20.1   Subject to Section 13, this Agreement will ensure to the benefit of and be binding upon the parties hereto and their respective successors and permitted assigns.

21.    TERMS

21.1   The terms and provisions of this Agreement shall be interpreted in  accordance with the laws of British Columbia.

22.    FORCE MAJEURE

22.1   No party will be liable for its failure to perform any of its obligations under this Agreement due to a cause beyond its control (except those caused by its own lack of funds) including, but not limited to acts of God, fire, flood, explosion, strikes, lockouts or other industrial disturbances, laws, rules and regulations or orders of any duly constituted governmental authority or non- availability of materials or transportation (each an "Intervening Event").

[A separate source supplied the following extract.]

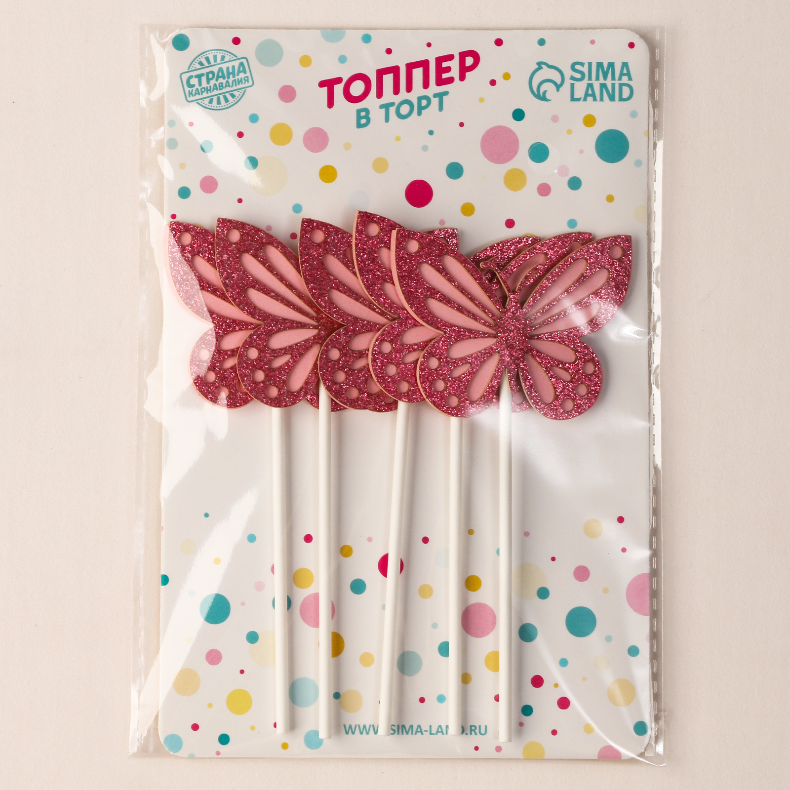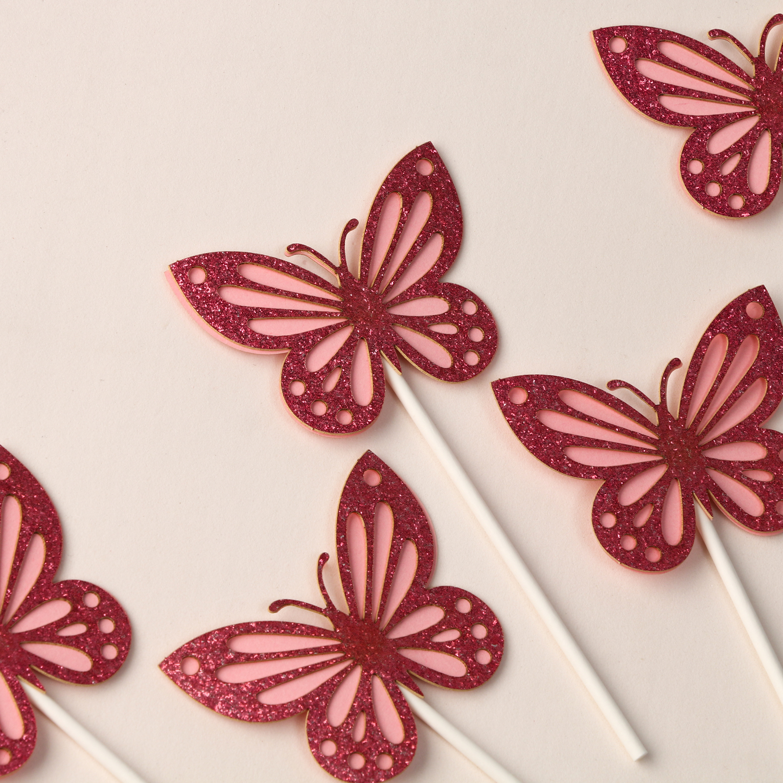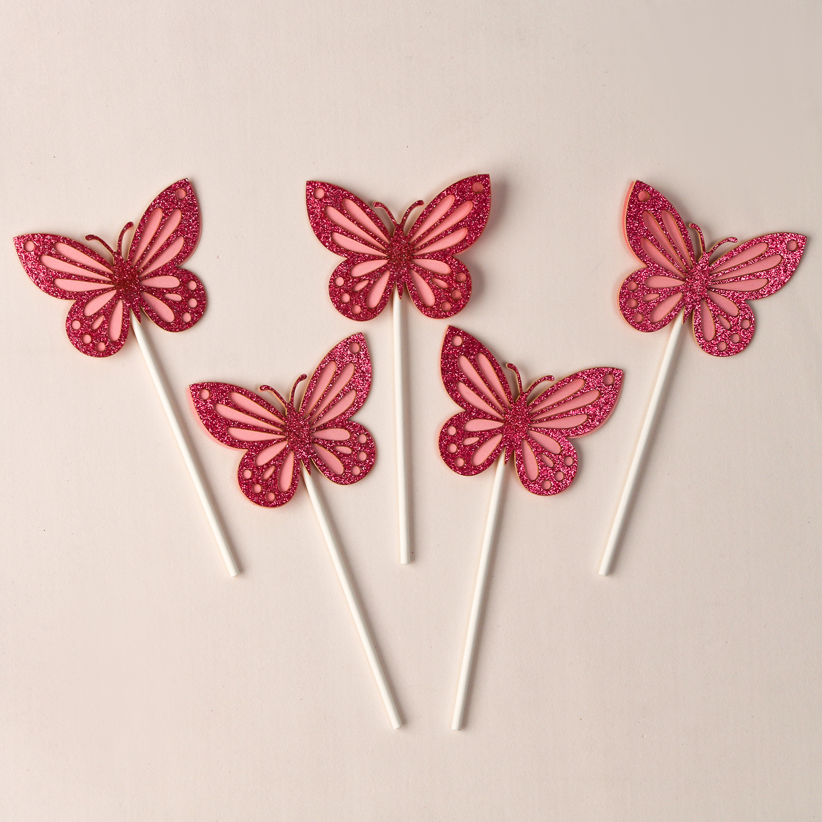 Набор для украшения «блестящие бабочки», набор 5 шт., цвет розовый. Цвет: Розовый Высота держателя, см: 12 Материал: Пластик Материал: Бумага

22.2   All time limits imposed by this Agreement, other than those imposed by Section 5, will be extended by a period equivalent to the period of delay resulting from an Intervening Event described in Subsection 23.1.

22.3   A party relying on the provisions of Subsection 23.1 will take all reasonable steps to eliminate an Intervening Event and, if possible, will perform its obligations under this Agreement as far as practical, but nothing herein will require such party to settle or adjust any labor dispute or to question or to test the validity of any law, rule, regulation or order of any duly constituted governmental authority or to complete its obligations under this Agreement if an Intervening Event renders completion impossible.

23.    ENTIRE AGREEMENT

23.1   This Agreement constitutes the entire agreement between the parties and replaces and supersedes all prior agreements, memoranda, correspondence, communications, negotiations and representations, whether verbal or written, express or implied, statutory or otherwise between the parties with respect to the subject matter herein.

24.    TIME OF ESSENCE

24.1   Time will be of the essence in this Agreement.

25.    ENFORCEMENT OF AGREEMENT

25.1   The covenants, promises, terms and conditions contained herein will be binding upon the parties jointly and severally and may be enforced by each as against each other inter se.

 
 


 

IN WITNESS WHEREOF the parties hereto have executed this Agreement as of the day and year first above written.


Danial Wessels


         /s/ Danial Wessels
             ___________________________________________________________________

         By:
         /s/ Ron McIntyre
             ___________________________________________________________________

             Signature of Witness
             Ron McIntyre
             ___________________________________________________________________

             Printed Name of Witness



Revival Resources, Inc.

         /s/ Caroline Swart
             ___________________________________________________________________
         Per:
             by its Authorized Signatory: Caroline Swart, President


 
 

 

SCHEDULE A

This is SCHEDULE "A" to an Agreement made as of the 27th day of April, 2010 between VENDOR and Revival Resources, Inc.

Tenure Number: ___________, Claims Pretty Girl 4.

These claims are located approximately 18 kilometers due west of Invermere, BC Canada. The claims occupy a large spur between Law Creek to the north and Bruce Creek to the south. The property lies within NTS mapsheet 82K/8 and 82K/9 at latitude 50(degree) 31'north, longitude 116(degree) 18'west.